Raymond saw opportunities for biopharmaceutical companies to improve their relationships with patients during post-approval because these are studies designed to answer questions about patients, compared with pre-approval studies, which answer questions about investigational products. Post-approval studies answer questions such as, Should I take the medication? What will happen to me? How sensitive am I to the medication? Could what’s happening to me be caused by the medication? Ultimately, these are the kinds of questions both biopharma and patients want answered, and the only way to get the answers is by ensuring the patient’s voice is heard.

Given that health authorities, pricing commissions, payers, and regulators all want to know what works in a real-world setting, sponsors will need to increase their conduct of post-approval studies that gather PRO data.

“Volleyball Match” Illustrates Remaining Obstacles, Differences of Opinion
The most creative and animated session of the Congress illustrated the remaining obstacles to ePRO adoption — perceived and otherwise, as well as the different ways various stakeholders view certain aspects of ePRO. After setting up the room like a volleyball court by having sponsors, sites, regulators, and ePRO vendor attendees sit in one quadrant of the room each, PHT’s Raymond exchanged his jacket for a referee’s shirt, put a whistle around his neck, and threw out the first “ball,” asking, “free text in diaries and eCRFs — good idea or bad idea?” A regulator believed it was a bad idea because there was no context of use. A site believed it was a good idea because it allowed them to capture data that was out of bounds and learn things about the investigational product they might not have otherwise. And so it continued.

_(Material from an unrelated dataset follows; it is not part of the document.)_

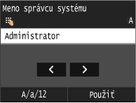Zadajte maximálne 32 znakov pre meno správcu systému a poklepte na položku <Použiť>. Zadávanie textu

A dozen or so topics were lobbed into the room, and the discussion was very lively. It came out during the course of the “match” that the FDA is looking to create guidance on the use of social media that will suggest ways in the post-approval phase to discover and communicate emergent facts about medications and their use. One sponsor representative took the “ball” so often that Raymond commented on it, to which she responded, “I don’t like to lose.” No one wanted to, which contributed to a lot being said on a broad range of topics. The final topic was “Why are sponsors and sites still using paper?” This received many passes, such as “change is hard,” “the paper lobby,” “perceived cost,” “actual cost,” “investment of time,” “sponsors are afraid sites can’t handle it,” “the FDA still accepts paper,” and “licensing issues.” But a vendor spiked it at the end with “No one said the “e” in “ePRO” stood for “easy.”

Sara Gambrill is an independent communications consultant to the clinical research industry. She was senior editor for nine years at CenterWatch. She writes about clinical research conduct in the United States, Europe, and emerging markets.